Morphogenesis Molecular Genetics (URA CNRS 2578)
We are studying the mechanisms that govern the functional ontogeny of organs and the elaboration of shape. In vertebrates, morphogenesis initially involves patterning of embryonic fields, i.e. their partition into different territories characterized by specific expression programs. This lead to the local activation of signalling centres that will locally change cell physiology to promote concerted proliferation, apoptosis, migration, differentiation, all functions that contribute to growth, the motor for morphogenesis. We focus on the role of Msx genes in these processes. Msx are non-clustered homeobox genes that form small multigene families in vertebrates. In the mouse, Msx1 and Msx2 are expressed at many sites of inductive interactions before and during organogenesis, such as the apical region of the limb bud, branchial arches, hair follicles, tooth buds, mammary gland primordia, genital bud, etc... They are also expressed in the dorsalmost aspect of the neural tube (roof plate). Noticeably, Msx1 and Msx2 are preferentially expressed in undifferentiated cells, and expression is shut down before cells differentiate, which may suggest a role in maintenance of cellular plasticity. We are concentrating on three major developmental models in which Msx genes are involved:
Function of Msx genes in limb bud formation
In the limb bud, Msx1 and Msx2 are expressed both in the apical ectoderm and underlying mesenchyme, according to dynamic expression patterns. Compound mutation of both Msx genes results in a complex limb phenotype that ranges from oligo- to polydactyly. The common feature between all these phenotypes is the loss of structures with an anterior identity (thumb/radius or Big toe/Tibia). We have shown that Msx act downstream of the Shh/Gli3 pathway that controls antero-posterior limb patterning. As Msx are well-known targets of BMP signalling, this may explain how BMP and Shh signalling are linked. We are studying the gene interactions in which Msx genes are engaged to fulfil their functions. A new inducible Msx2 mutant allele we produced permits us to analyse separately the role of Msx genes into ectoderm and mesoderm limb components, and to decipher the complex network in which Msx are involved during limb development.

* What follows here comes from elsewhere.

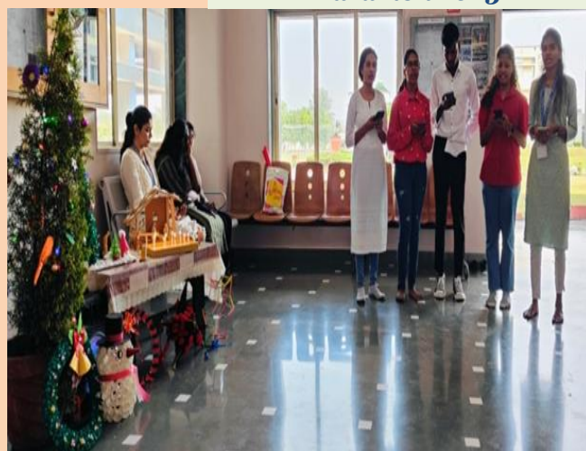
Christmas Celebration 2023

Forelimbs of a wild type (central picture) and two Msx1 Msx2 null mutants (upper and lower picture). The mutant displays abnormal anterior structures. The radius (R) is missing (*) and the digit 1 (d1) in either missing (upper specimen) or duplicated (lower specimen).
Role of Msx genes on vascularization
Blood vessels are composed of two interacting cells types. Endothelial cells constitute the internal layer. They are covered by a layer of murals cells, namely vascular smooth muscle cells (VSMCs) in arteries and veins, and pericytes in capillaries. Mural cells play a critical role in vessel maturation and stabilization, which has particular relevance to tumour biology, wound healing and retinal angiogenesis. Taking advantage of MsxlacZ alleles we produced, we have observed expression of the Msx genes in the murine vascular network at embryonic and adult stages. Msx2nLacZ is mainly expressed in a restricted subpopulation of VSMCs of peripheral arteries and veins (brachial, femoral and caudal), and in a few cells of the aorta. Mxs1-nlacZ is expressed to a lesser extent by smooth muscle of peripheral arteries, but is highly expressed in capillaries where it labels pericytes. These results suggest that Msx gene activity is essential for mural cell formation and remodelling. Our current objective is to understand the role of Msx expression in blood vessel formation and physiopathology, using conditional alleles of Msx1 and Msx2 to direct gene inactivation in specific cells (endothelium, smooth muscle, retinal pericytes…). We expect to better define the involvement of these homeogenes in the development and maturation of blood vessels, during development and in disease.
Blood vessel from the choroid: endothelial cells in green (ib4 antibody) and mural cells in red (Sma antibody).
Msx genes, neural tube patterning and neuronal cell type specification
Neural tube patterning and subsequent neuronal cell type specification constitute keys events during neurogenesis. We initiated a project to investigate the role of Msx genes in the embryonic spinal cord. Using mouse strains constructed in the lab that express lacZ or Gfp reporters under the control of Msx1 or Msx2 regulatory sequences, we have studied the dynamic expression pattern of these two transcription factors during neurogenesis. We are currently analysing the consequences of the genetic inactivation of Msx1 and Msx2 on embryonic spinal cord patterning. Because of their early dorsal expression, we specifically investigate the potential role of these genes as a relay in the BMP signalling cascade, a key pathway in dorsal neural tube patterning. We are further working towards the identification of Msx genes targets, to dissect the transcriptional network that leads from undifferentiated neural progenitors to mature neurons. This project should provide new insights into the mechanisms of neuronal cell specification as well as reprogramming of neuronal progenitors during adult neurogenesis in the central nervous system.